Note that I’m not arguing that the Arthur legend originates in some actual 5th-6th century dux bellorum; after all, nothing I’ve said weakens the main argument for skepticism, namely the absence (apart from the enigmatic “Artognou” inscription at Tintagel) of any known historical figure with whom Arthur can plausibly be identified. Some have suggested Riothamos for that role, but Riothamos actually seems to me to match either Ambrosius or Uther – possible doublets of each other in any case – better than Arthur; both the time period and the Continental connections fit more easily. The ideal timeslot for an historical Arthur, in order to match the traditional account, would be in the period just a bit later than the era of the historically attested Vortigern, Aurelius, and Riothamos; and it would be easy enough to insert him there without contradicting the historical evidence, because our evidence for that period is quite a bit thinner than for the preceding one. But this seems a bit like an “Arthur of the Gaps” approach, which is no more respectable than its theological cousin.

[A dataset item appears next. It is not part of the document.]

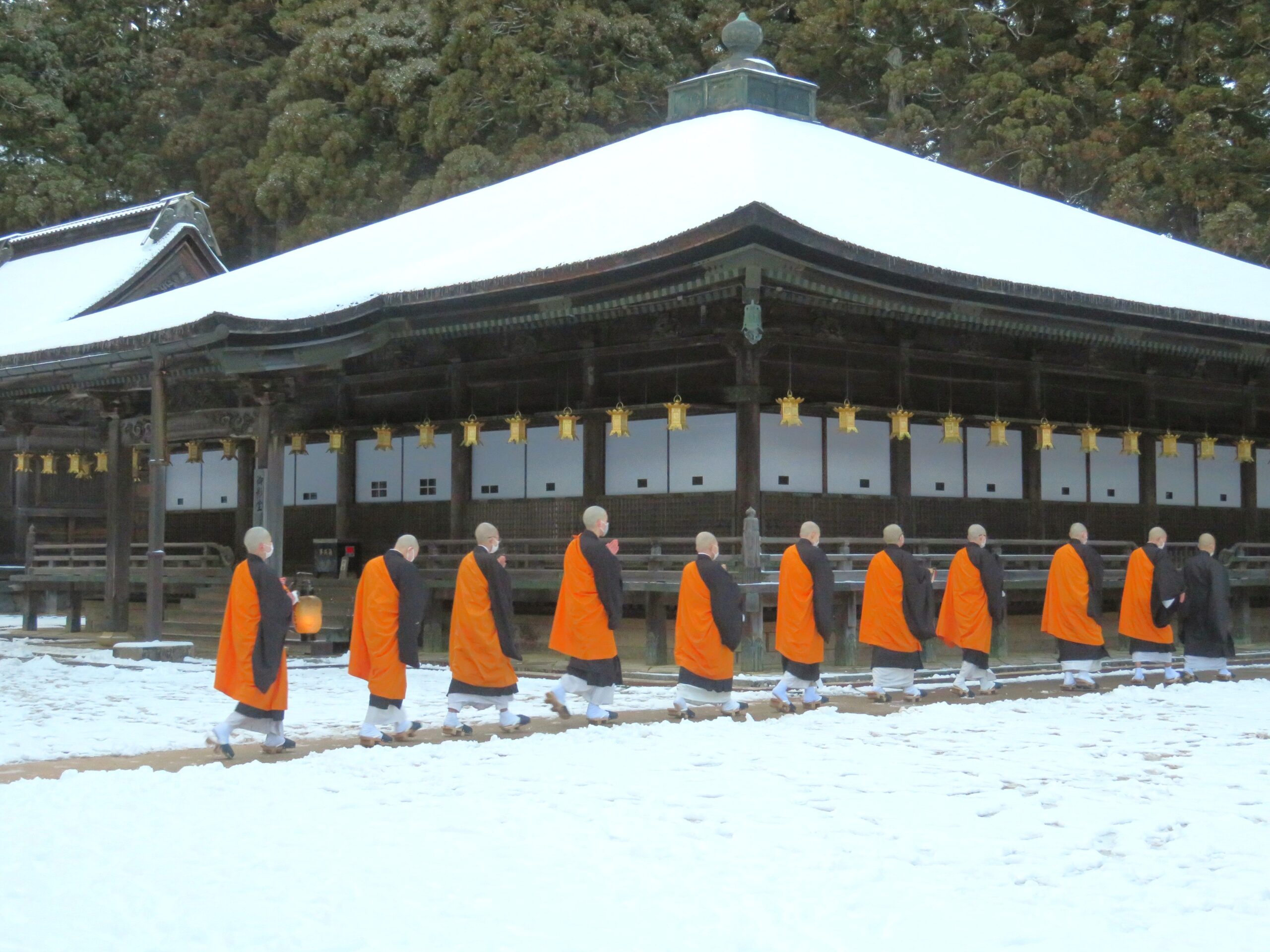 令和6年12月、第8回四国遍路結願の報告に高野山に登った時のものです。朝早くから、若い修行僧の皆さんが弘法大師を祀る御影堂(国宝)に参詣する光景に出会いました。日々修行を続ける若い人たちに刺激されて改めて自分を見直す時間となりました。

So I remain agnostic on the question of Arthur’s historicity. What I am arguing is that since the classical material to which Anderson has drawn our attention seems to have its influence mainly on later phases of the legend and not so much on its origin, Anderson’s findings do not license any additional skepticism about a historical Arthur over and above whatever amount was justified already.